When you are attending college you are going to have tough professors who at times can be unfair towards students. These professors either don’t care about your needs or are just academically tough. Having a tough professor can be intimidating for a person on the autism spectrum because those with ASD already have challenges with advocating for themselves. On top of it these students have to debate their needs with a professor who is strict.

Having tough professors is hard to deal with, and I was in your shoes as a college student, here I provide ways to help deal with tough professors.

Relax

Relax and be cautious: the class has just started and a professor acts tough to either intimidate you or motivate you to do better in the course. Never take the tough attitude to heart, it does not last long, and it’s just a tactic they use. Now the class may be difficult, which can add plenty of stress for a person on the autism spectrum disorder, but just know the toughness gets less and less as the semesters go on.

Never Give Up

I would advise you never to give up or drop the course no matter how tough the professor is or how difficult the course may be. Always know that you have support (which I will explain in detail) about how to approach a tough professor. There a resources and people in colleges out there dedicated to helping you succeed in college and getting the best help possible.

Look at the teaching style

You can learn so much from a tough teacher but their delivery of the material is important to understand as well. If the teacher just assigns busy work or book work or is rude and impatient towards the students, then you have a bad instructor. With tough teachers you learn a great deal of information and resources but the class is difficult. Be vigilant about important assignments in the course, and if the professor cannot give you a clear and precise answer about the assignments in detail, you need to seek help elsewhere. Assignments should be given out as you progress through the course as the material builds off of itself. Remember being rude and not giving clear and detailed information is not signs of toughness its signs of a bad professor.

Tough professor challenge their students

All professors in college challenge their students but each has a different way of approaching it. The best professors remember that they were once students too and don’t assign or do something that they would not do, or have not done themselves, in college. Professors believe if they challenge you, they can see your true potential, and if you gain one thing from it overall that’s growth.
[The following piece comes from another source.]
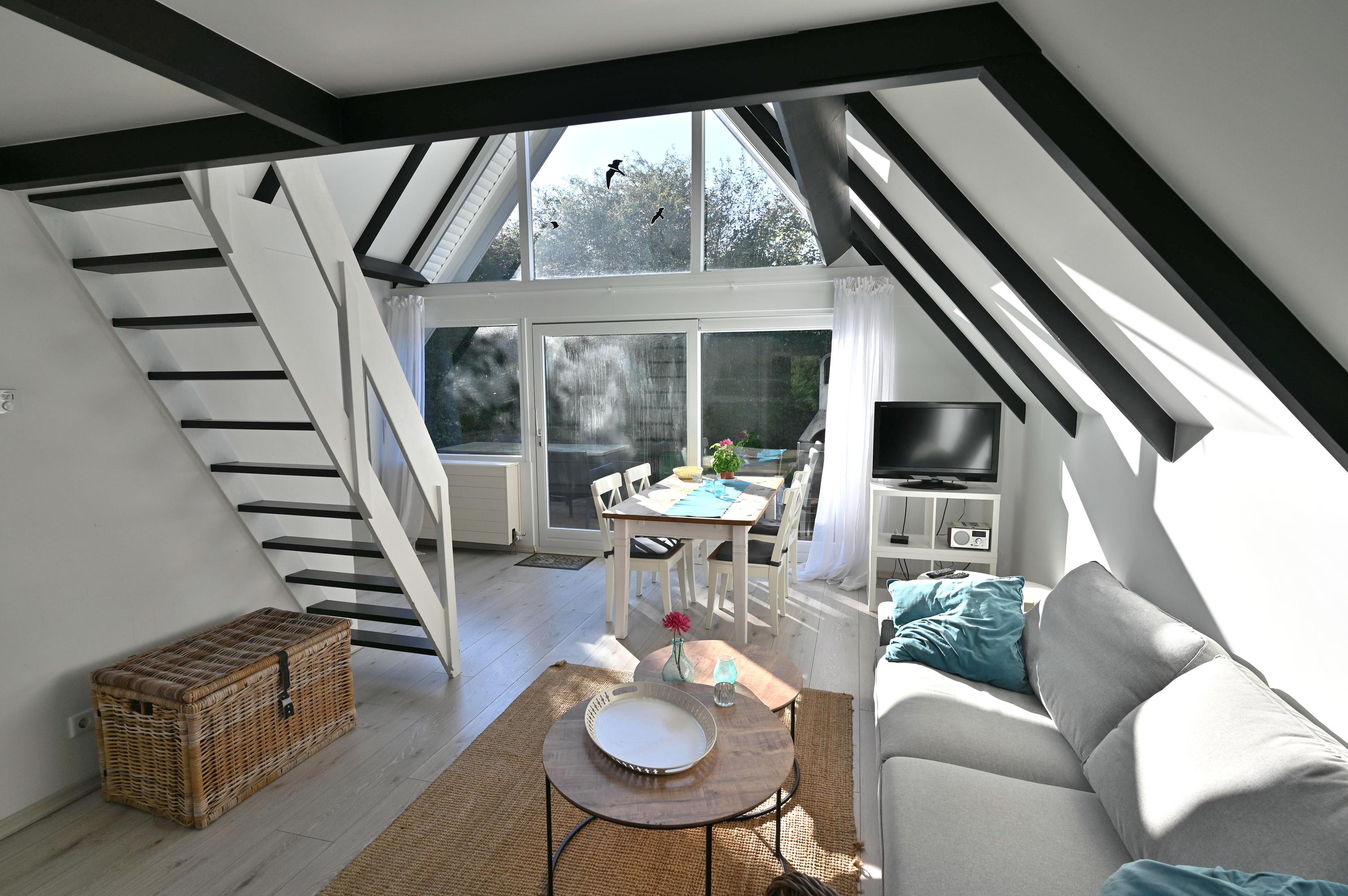 Stroming 22 in Zoutelande is gelegen in het bungalowpark Kustlicht 1, dicht bij het strand en het dorp. Dit goed onderhouden, vrijstaande recreatiewoning beschikt over een royale berging. U bereikt het huis via uw eigen oprit. Binnen vindt u een sfeervolle woonkamer met een schuifpui naar het zonnige terras, een open luxe keuken met inbouwapparatuur, een ruime slaapkamer, en een moderne badkamer met dakkapel, wastafel, toilet en douche. Via een houten trap komt u op de slaapzolder met c.v.-opstelling. Rondom het huis is er optimale privacy door groene heggen. De woning is verhuurbaar zonder parkkosten of VVE-kosten. Zoutelande biedt diverse voorzieningen en is een populaire badplaats aan de Zeeuwse kust.

Know your disability service staff

As a student with a disability you have one advantage with educational support staff. The staff is dedicated to helping you achieve your educational goals, getting you the best resources and help, and making sure you meet the academic standards of the college as a student with a disability. You can always rest assured that if you need any help with the courses and professors not meeting your disability needs or mistreating you, you know the disability staff at any college is there for you.

Know the professor’s boss

It is important when dealing with a tough, unfair or bad professor: you must know who their boss is. This could be the lead professor, department chair, or dean of that college that houses your degree plan. For example, The University of Texas at San Antonio is structured like this: my major was Criminal Justice, and I had a professor whose boss was the department chair of the Department of Criminal Justice at UTSA, and their boss was the Dean of the College of Public Policy that Criminal Justice is housed under. Know who their bosses are so that if you have any issues with a tough, unfair, biased, or bad professor you can call them, email them, visit them on campus and express your concerns about that professor. They are there for the students as well, and it is their job and your job to make sure your academic goals and the academic goals of the college are being met.
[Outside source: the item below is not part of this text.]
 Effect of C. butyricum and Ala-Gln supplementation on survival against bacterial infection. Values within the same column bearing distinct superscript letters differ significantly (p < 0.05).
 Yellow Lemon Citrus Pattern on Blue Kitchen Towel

Know the professor’s office hours and emails

Know your professors’ emails and office hours and take full advantage of the office hours and emails. Show up to their office and email them as much as possible. This shows that you are determined and that you are serious about your educational needs. Those emails and office hours are for the students, and a good professor will allow you to call, email or visit them during those offices ours or set up an office meeting when the student is available. Good professors will respond to your email in a  timely manner and will be concerned with your educational learning goals as well. Take advantage of office hours and get all of your questions on the table and don’t leave until you and the professors are on the same goals and have a plan to help you succeed. If you leave with no plan go back to step 6 or 5.

Know the syllabus

Continue Reading

People with Asperger’s usually collect labels like ADHD, anxiety disorders, or bipolar disorder before they’re diagnosed with AS. The label that annoys me is Oppositional Defiant Disorder. Is there a difference between people whose Asperger’s-related behavior is misunderstood and ODD? I find that ODD is sometimes simply a description of behavior without a cause.

Insurers ask for diagnoses based on ICD 10, the “handbook” of diagnoses. One of the official ICD 10 descriptions of AS is that it’s a “neuropsychiatric disorder whose major manifestations is an inability to interact socially; other features include poor verbal and motor skills, single mindedness, and social withdrawal.”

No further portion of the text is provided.